File metadata and controls

105 lines (81 loc) · 4.48 KB

Data

Getting the Data

For the sake of convenience, the reordered (clustered) data is made available through the Common Index File Format. Data defining the queries used, the documents within each cluster, and the cluster processing priorities are also provided. The data can be downloaded from the following links.
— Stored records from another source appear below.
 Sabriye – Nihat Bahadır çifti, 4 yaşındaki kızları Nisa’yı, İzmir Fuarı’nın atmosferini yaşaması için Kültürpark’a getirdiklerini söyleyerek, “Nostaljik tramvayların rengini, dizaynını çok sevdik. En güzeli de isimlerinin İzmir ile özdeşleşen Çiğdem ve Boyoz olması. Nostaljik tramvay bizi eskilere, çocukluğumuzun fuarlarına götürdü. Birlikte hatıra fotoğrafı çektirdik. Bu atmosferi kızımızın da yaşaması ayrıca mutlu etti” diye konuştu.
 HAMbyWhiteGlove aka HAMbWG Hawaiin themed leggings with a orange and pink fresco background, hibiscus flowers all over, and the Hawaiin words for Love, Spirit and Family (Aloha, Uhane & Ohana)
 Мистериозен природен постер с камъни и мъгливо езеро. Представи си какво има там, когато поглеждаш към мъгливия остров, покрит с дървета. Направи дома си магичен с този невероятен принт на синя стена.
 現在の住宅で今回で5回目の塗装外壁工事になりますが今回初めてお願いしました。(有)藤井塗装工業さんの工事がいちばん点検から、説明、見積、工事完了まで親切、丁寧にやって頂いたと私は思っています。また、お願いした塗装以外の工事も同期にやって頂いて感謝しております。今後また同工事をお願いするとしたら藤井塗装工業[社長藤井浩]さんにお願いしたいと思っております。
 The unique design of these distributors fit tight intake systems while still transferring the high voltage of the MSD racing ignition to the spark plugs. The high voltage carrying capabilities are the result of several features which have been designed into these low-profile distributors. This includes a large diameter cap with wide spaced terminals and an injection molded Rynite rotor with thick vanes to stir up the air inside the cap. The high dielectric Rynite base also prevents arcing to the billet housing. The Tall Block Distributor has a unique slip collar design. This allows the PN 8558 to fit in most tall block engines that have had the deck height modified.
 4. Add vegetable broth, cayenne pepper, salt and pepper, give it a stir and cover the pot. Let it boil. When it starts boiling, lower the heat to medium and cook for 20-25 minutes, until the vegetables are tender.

Collection Configuration Size MD5 Download
Queries and Clusters Misc, see README below. 898MiB (compressed), 900MiB (uncompressed) -- [FigShare]
Gov2 CIFF export via Anserini w. Porter stemming 33GiB (uncompressed), 5.2GiB (compressed) 5b4cccfcbcec80c76b96109e8a467cfc [CloudStor]
ClueWeb09B CIFF export via Anserini w. Porter stemming 89GiB (uncompressed), 20GiB (compressed) 1ad70c59e6198bb524afa8ed044ab272 [CloudStor]

The remainder of this README is concerned with the Queries and Clusters file described above. This data can be downloaded from FigShare.

Queries

See the queries directory.

Queries are provided in a normalized (stopped and stemmed) format which PISA accepts. There are three query sets:

  • cw09b-51-200-anserini.txt
  • gov2-701-850-anserini.txt
  • mqt-anserini.txt

Shard / Cluster Maps

See the cluster-maps directory.

In our work, documents are organized into sets of clusters, where each cluster contains topically similar documents. We provide the cluster maps for both gov2 and clueweb09b which were in turn taken from the work of Dai et al. (CIKM 2016). In our work, we used the QKLD-QInit shardmaps, and the original files can be found here.
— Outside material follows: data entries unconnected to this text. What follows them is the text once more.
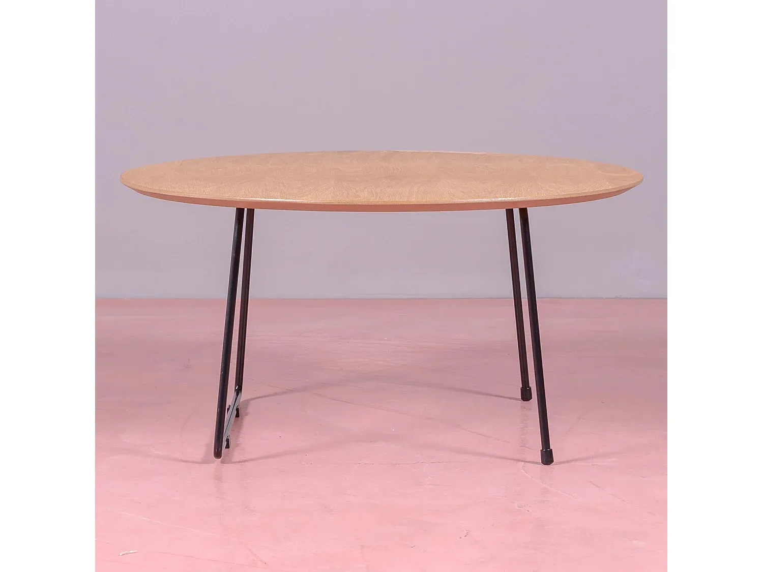Runder Beistelltisch mit 80 cm Durchmesser aus Natureiche. Der Tisch kombiniert Eichenholz mit Stahlbeinen, was ihn zu einer vielseitigen Ergänzung für verschiedene Räume macht. Die Eichenholzplatte zeichnet sich durch ihre Maserung und den Farbton aus.
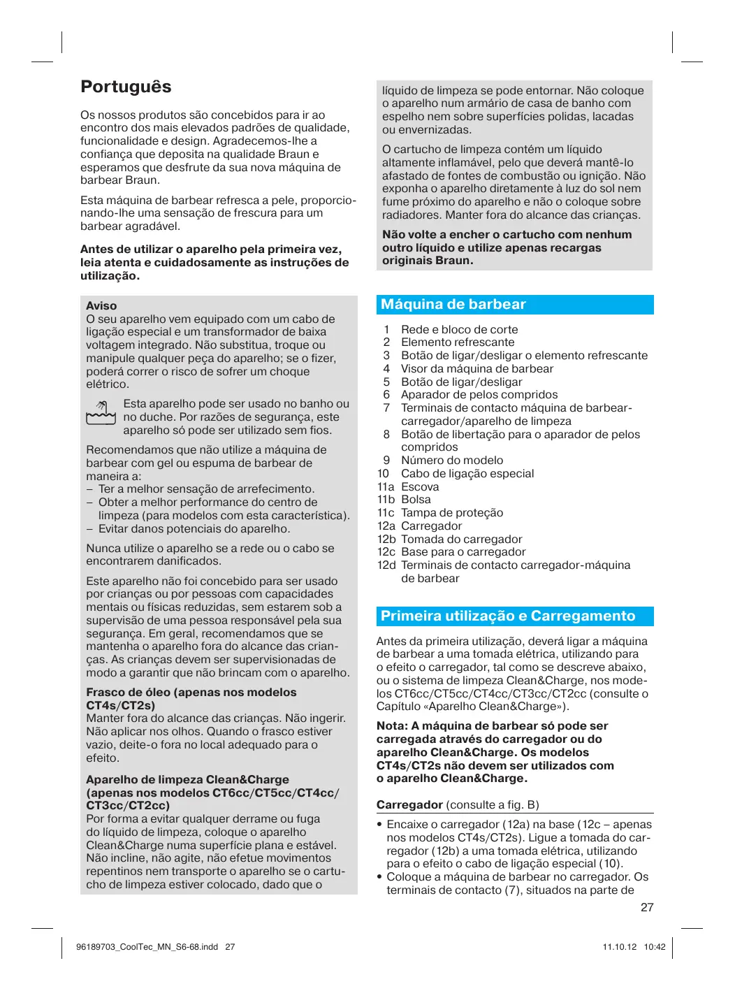 Português Os nossos produtos são concebidos para ir ao encontro dos mais elevados padrões de qualidade, funcionalidade e design. Agradecemos-lhe a confiança que deposita na qualidade Braun e esperamos que desfrute da sua nova máquina de barbear Braun. Esta máquina de barbear refresca a pele, proporcionando-lhe uma sensação de frescura para um barbear agradável. Antes de utilizar o aparelho pela primeira vez, leia atenta e cuidadosamente as instruções de utilização. Aviso O seu aparelho vem equipado com um cabo de ligação especial e um transformador de baixa voltagem integrado. Não substitua, troque ou manipule qualquer peça do aparelho; se o fizer, poderá correr o risco de sofrer um choque elétrico. Esta aparelho pode ser usado no banho ou no duche. Por razões de segurança, este aparelho só pode ser utilizado sem fios. Recomendamos que não utilize a máquina de barbear com gel ou espuma de barbear de maneira a: – Ter a melhor sensação de arrefecimento. – Obter a melhor performance do centro de limpeza (para modelos com esta característica). – Evitar danos potenciais do aparelho. Nunca utilize o aparelho se a rede ou o cabo se encontrarem danificados. Este aparelho não foi concebido para ser usado por crianças ou por pessoas com capacidades mentais ou físicas reduzidas, sem estarem sob a supervisão de uma pessoa responsável pela sua segurança. Em geral, recomendamos que se mantenha o aparelho fora do alcance das crianças. As crianças devem ser supervisionadas de modo a garantir que não brincam com o aparelho. Frasco de óleo (apenas nos modelos CT4s/CT2s) Manter fora do alcance das crianças. Não ingerir. Não aplicar nos olhos. Quando o frasco estiver vazio, deite-o fora no local adequado para o efeito. Aparelho de limpeza Clean&Charge (apenas nos modelos CT6cc/CT5cc/CT4cc/ CT3cc/CT2cc) Por forma a evitar qualquer derrame ou fuga do líquido de limpeza, coloque o aparelho Clean&Charge numa superfície plana e estável. Não incline, não agite, não efetue movimentos repentinos nem transporte o aparelho se o cartucho de limpeza estiver colocado, dado que o líquido de limpeza se pode entornar. Não coloque o aparelho num armário de casa de banho com espelho nem sobre superfícies polidas, lacadas ou envernizadas. O cartucho de limpeza contém um líquido altamente inflamável, pelo que deverá mantê-lo afastado de fontes de combustão ou ignição. Não exponha o aparelho diretamente à luz do sol nem fume próximo do aparelho e não o coloque sobre radiadores. Manter fora do alcance das crianças. Não volte a encher o cartucho com nenhum outro líquido e utilize apenas recargas originais Braun. Máquina de barbear
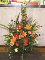 • Feuillage naturel : Palmes, aspidistra et verdure pour donner hauteur et structure.
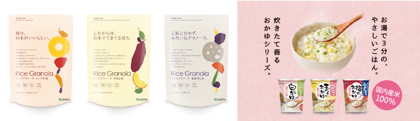 ■商品紹介: 「ライスグラノーラ」:国内産100%のお米(玄米)でつくったグルテンフリー商品です。
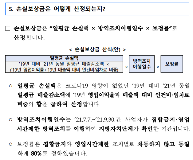 소상공인 손실보상금은 일평균 손실액 X 방역조치이행일수 X 보정률로 산정합니다.
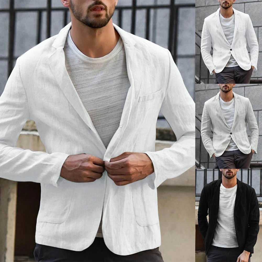 Осенние мужские блейзеры из хлопка и льна, блейзеры с длинным рукавом для мужчин, куртка, блейзер с карманами на одной пуговице, женская одежда
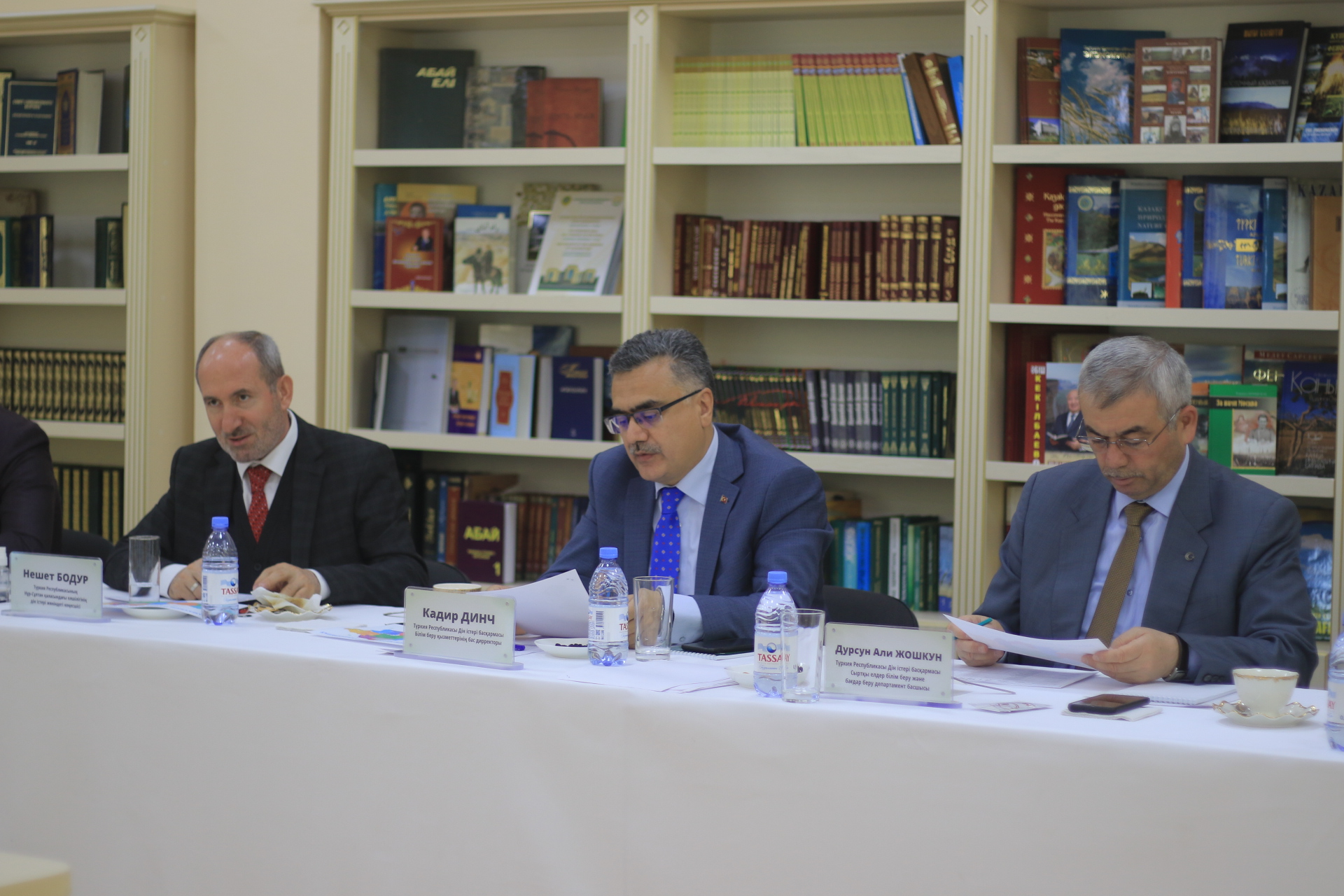 Экзамен принимают Кадир Динч, генеральный директор Образовательной службы Управления по делам религий Турецкой Республики, Джошкун Дурсун Али, Руководитель Департамента образования и педагогического развития за рубежом, д-р Абдуррахман Аккуш, Руководитель Центрального департамента высшего профессионального религиозного образования, Нечет Бодур, советник по вопросам религии Посольства Турецкой Республики в Нур-Султане.

Note, our shard maps differ from the original ones, as we reorder the documents within each cluster. So, while each document will still be in its original shard, the order of the documents within each shard have been permuted.

Each corpus has three types of files associated with it:

  • random.* is a globally ordered collection (with random ordering).
  • bp.* is a globally ordered collection (with BP ordering).
  • qkld-bp.* is a clustered collection where documents inside each cluster are ordered with BP.

If you are only interested in the anytime approach described in our paper, you can ignore the random and bp baselines. There are no query clusters provided for either random or bp orderings, and hence they only support standard top-k querying, not the newly proposed processing methods.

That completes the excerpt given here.